◆ The task
Could you reproduce every entry as it stands, leaving the pictures behind?

- Opening Delimiter -

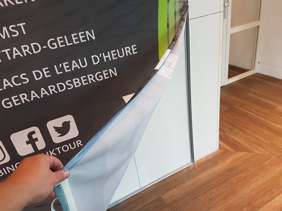 Moet uw wandbekleding altijd van behang zijn? Heeft u bijvoorbeeld wel eens gedacht aan textiel frames? Een textiel frame bestaat uit een dun maar stevig aluminium frame wat strak op uw wand wordt bevestigd. Hierin wordt eenvoudig een fullcolor bedrukt doek gespannen door deze in het frame te klemmen. Hierdoor onstaat er een naadloos en plooivrij resultaat. Ideaal voor muren die in slechte staat zijn of niet te behangen zijn zoals oneffen en beschadigde wanden, of wanden met een korrel of structuur. Bovendien zijn de doeken eenvoudig dor u zelf verwisselbaar. Geen behang stomen of opnieuw uw wand stucen en lijmen, slechts een nieuw fotodoek bestellen er deze erin drukken. Binnen 15 minuten is uw wand voorzien van een nieuwe bedrukking!
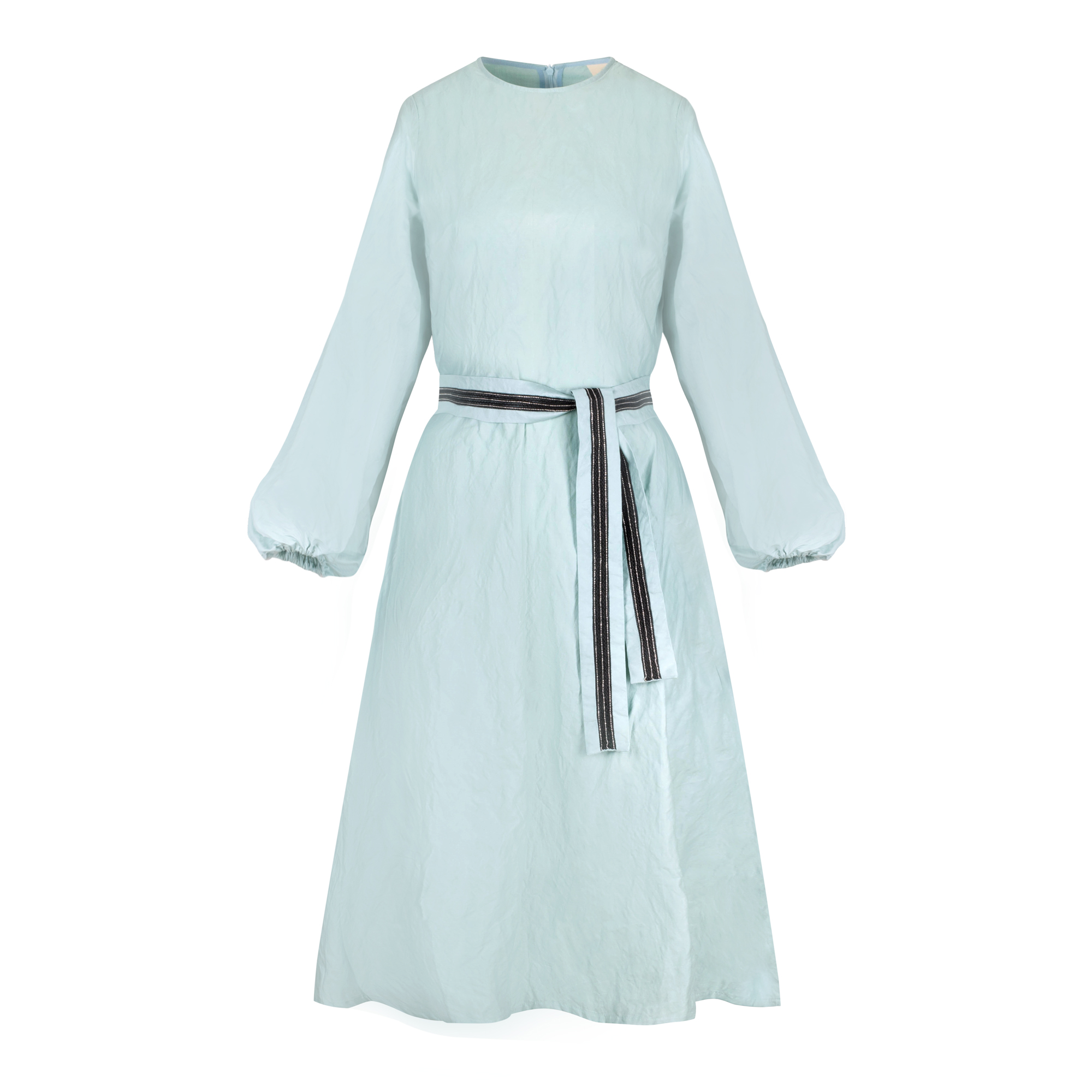 Celeste Blue Cotton Belted Long Sleeve Dress
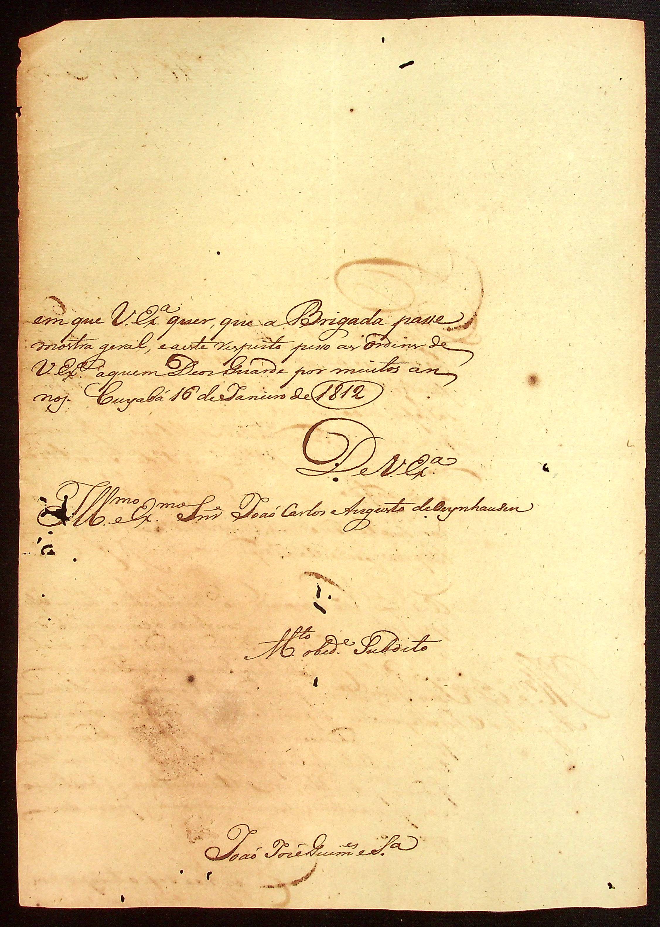 CARTA de João Pereira dos Guimarães ao [Governador e Capitão-General da Capitania de Mato Grosso] João Carlos Augusto d’Oeynhausen e Gravenberg.
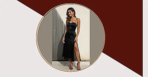 That little black dress? It’s not just a dress, it’s a secret weapon! Imagine: you’re all ready for your date night, feeling confident and fabulous in this sleek, stylish number. This isn’t your grandma’s black dress – it’s modern, chic, and totally ready to turn heads. The satin fabric practically screams “sophistication,” and that leg slit? Just enough sass to keep things interesting. Get ready to impress, because this dress is seriously going places (and so are you!).
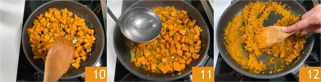 Ajoutez le potiron, mélangez bien pour l'imprégner 10. Ajoutez le romarin attaché avec un bout de ficelle et ajoutez une louche d'eau de cuisson 11. Faites cuire à feu moyen pendant 15-20 minutes, puis retirez le romarin et écrasez-le jusqu'à obtenir une purée 12. Ajoutez encore une louche d'eau.

- Closing Delimiter -

◆ Written answer
 Moet uw wandbekleding altijd van behang zijn? Heeft u bijvoorbeeld wel eens gedacht aan textiel frames? Een textiel frame bestaat uit een dun maar stevig aluminium frame wat strak op uw wand wordt bevestigd. Hierin wordt eenvoudig een fullcolor bedrukt doek gespannen door deze in het frame te klemmen. Hierdoor onstaat er een naadloos en plooivrij resultaat. Ideaal voor muren die in slechte staat zijn of niet te behangen zijn zoals oneffen en beschadigde wanden, of wanden met een korrel of structuur. Bovendien zijn de doeken eenvoudig dor u zelf verwisselbaar. Geen behang stomen of opnieuw uw wand stucen en lijmen, slechts een nieuw fotodoek bestellen er deze erin drukken. Binnen 15 minuten is uw wand voorzien van een nieuwe bedrukking!
 Celeste Blue Cotton Belted Long Sleeve Dress
 CARTA de João Pereira dos Guimarães ao [Governador e Capitão-General da Capitania de Mato Grosso] João Carlos Augusto d’Oeynhausen e Gravenberg.
 That little black dress? It’s not just a dress, it’s a secret weapon! Imagine: you’re all ready for your date night, feeling confident and fabulous in this sleek, stylish number. This isn’t your grandma’s black dress – it’s modern, chic, and totally ready to turn heads. The satin fabric practically screams “sophistication,” and that leg slit? Just enough sass to keep things interesting. Get ready to impress, because this dress is seriously going places (and so are you!).
 Ajoutez le potiron, mélangez bien pour l'imprégner 10. Ajoutez le romarin attaché avec un bout de ficelle et ajoutez une louche d'eau de cuisson 11. Faites cuire à feu moyen pendant 15-20 minutes, puis retirez le romarin et écrasez-le jusqu'à obtenir une purée 12. Ajoutez encore une louche d'eau.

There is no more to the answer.